21 October,2011 04:24 PM IST | | AFP
Apple co-founder Steve Jobs refused early surgery for the pancreatic cancer that eventually took his life, choosing instead to undergo alternative treatments, according to his biographer.
Walter Isaacson, in an interview with the CBS show "60 Minutes," excerpts of which were released on Thursday, said Jobs, who died on October 5 at the age of 56, told him he eventually regretted the decision to put off the operation.
Isaacson, whose book, "Steve Jobs," goes on sale on Monday, also said Jobs played down the seriousness of his condition and was receiving cancer treatments in secret while telling people he had been cured.
Isaacson said doctors told Jobs that the disease was "one of these very slow-growing five percent of pancreatic cancers that can actually be cured."

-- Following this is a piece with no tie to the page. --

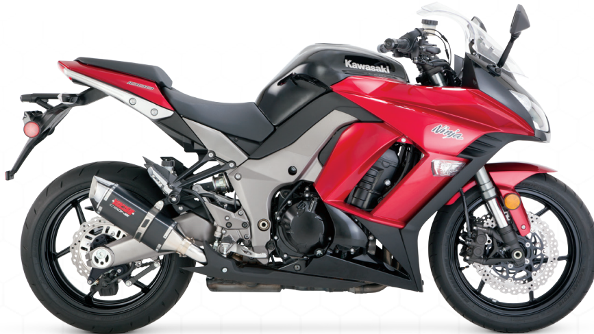
CS One Slip-Ons Replacement Part on 2010-2013 Ninja 1000

(2) If the motorcycle's stock exhaust system contains a catalytic converter in the manifold section of the stock exhaust system, then an aftermarket muffler positioned downstream from the catalytic converter (i.e. cat-back) is a replacement part as long as the part does not remove or replace any emission control equipment originally attached to the stock exhaust system.

"But Steve Jobs doesn't get operated on right away," he said. "He tries to treat it with diet. He goes to spiritualists. He goes through various ways of doing it macrobiotically and he doesn't get an operation.
"Soon everybody is telling him, 'Quit trying to treat it with all these roots and vegetables and things, just get operated on,'" Isaacson said. "But he does it nine months later.
"One assumes it's too late because by the time they operate on him they notice it has spread to the tissues around the pancreas," he said.
Asked why Jobs initially turned down an operation, Isaacson said: "I've asked him that and he said, 'I didn't want my body to be opened. I didn't want to be violated in that way.'"
"He was regretful about it," Isaacson said. "I think that he kind of felt that if you ignore something, if you don't want something to exist, you can have magical thinking."
"He wanted to talk about it, how he regretted it," he said. "I think he felt he should have been operated on sooner."
Jobs underwent surgery for pancreatic cancer in 2004 and received a liver transplant in 2009.
The 60 Minutes interview with Isaacson, who conducted more than 40 interviews with Jobs, the technology visionary behind the Macintosh computer, the iPod, the iPhone and iPad, is to air on Sunday.
Isaacson's 656-page book is being published by Simon & Schuster.
Isaacson, chief executive of the Aspen Institute think-tank, has also penned biographies of Benjamin Franklin, Albert Einstein and Henry Kissinger.